Statistical analyses
All statistical analyses were performed using PASW statistics (version 18.0; SPSS Inc., Chicago, IL, USA). Data for continuous variables are expressed as mean ± SD or median (interquartile range) and categorical variables as percentage. Baseline characteristics were compared using analysis of variance for continuous variables and the chi-square test for categorical variables. Because of a skewed distribution, total triglycerides and urinary protein was analysed after logarithmic transformation.

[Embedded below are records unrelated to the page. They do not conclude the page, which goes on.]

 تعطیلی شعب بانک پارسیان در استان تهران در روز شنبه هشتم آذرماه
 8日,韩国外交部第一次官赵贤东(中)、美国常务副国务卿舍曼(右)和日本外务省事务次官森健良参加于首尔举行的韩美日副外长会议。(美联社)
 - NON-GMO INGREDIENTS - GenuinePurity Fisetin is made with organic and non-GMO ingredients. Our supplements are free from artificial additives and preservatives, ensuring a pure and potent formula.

There is still controversy for the cut off level for prolonged P wave duration [12, 13]. Various cut off values have been suggested for prolonged P wave duration, such as 110 ms or 120 ms, where most of the recommendations are based on earlier textbooks and other publications that often did not involve original work [12, 13]. Therefore, we have made analyses using several cut off values for P wave duration, 104 ms, 108 ms, 110 ms, 114 ms and 120 ms (corresponding to 50, 60, 70, 80 and 90 percentiles of the distribution) to find out a threshold of P wave duration associated with a steep increase in mortality. Death rates/1000 patient years according to 50, 60, 70, 80 and 90 percentiles of P wave duration were as follows; for total mortality: 58.9, 59.6, 60.6, 64.7, 75.4, and for stroke mortality: 6.7, 7.7, 8.1, 9.1 and 11.6. For lower percentiles mortality risk increases relatively smoothly but after 80th percentile the risk increased more rapidly. Therefore we decided to use the 80 percentile cut off value to categorize participants according to P wave duration into two groups; normal or prolonged (<114 ms or ≥114 ms). This cut off value for P wave duration was used to calculate hazard ratios for mortality among patients with and without PNMMVD.

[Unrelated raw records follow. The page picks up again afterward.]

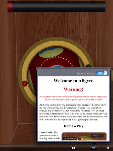 Aligyro responds to your movements like a real gyroscope but without the resistance force of a real gyroscope. Unfortunately, there is no way for an iPhone or iPad to offer real resistance. However the user will need to use the same motions and skills which would be required by a real gyroscopic exerciser.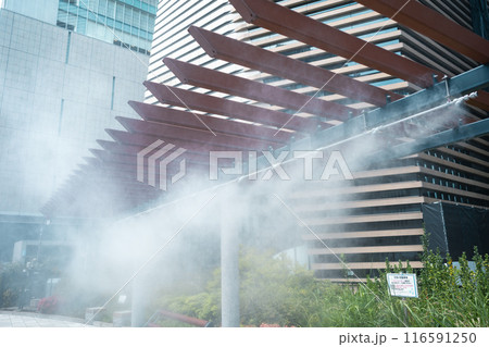 日本の東京都市景観7月13日。さくら坂の防犯カメラや渋谷サクラステージSHIBUYAタワーなどを望む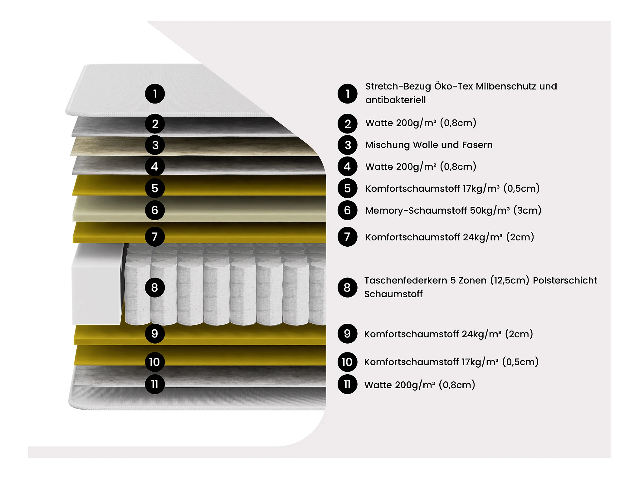 • Taschenfederkernmatratze mit 5 Komfortzonen
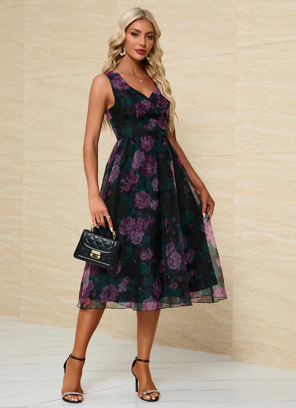 Cette robe est bien plus qu’un simple vêtement, c’est un investissement dans votre garde-robe. Sa polyvalence vous permet de la porter aussi bien lors d’un mariage champêtre que pour un dîner en ville ou une soirée cocktail. Le contraste saisissant entre le fond noir et les fleurs violettes attire subtilement l’attention. Associez-la à des talons hauts pour une allure sophistiquée, ou avec des sandales plates pour un look plus décontracté.

We used the Cox proportional hazards model to evaluate the association of prolonged P wave duration among patients with or without PNMMVD on total, CVD and stroke mortality with P wave duration <114 ms as the reference. Unadjusted and adjusted hazard ratios and their 95% confidence intervals were calculated. Adjustment was made for age, sex, duration of diabetes, area of residence (East or West Finland), total cholesterol, use of alcohol (user vs. non-user), smoking (smoker vs. non-smoker), HDL cholesterol, total triglycerides (log), urinary protein (log), HbA1, diabetes medication (diet alone, oral drugs, insulin), physical activity, hypertension, BMI, heart rate and LVH. Kaplan–Meier procedure was used to evaluate the associations between P wave duration and stroke mortality in participants with and without PNMMVD. There were no interactions in Cox proportional hazards model between sex and P wave duration or sex and PNMMVD with respect to mortality. Therefore, men and women were combined in all statistical analyses. P < 0.05 was considered to be statistically significant.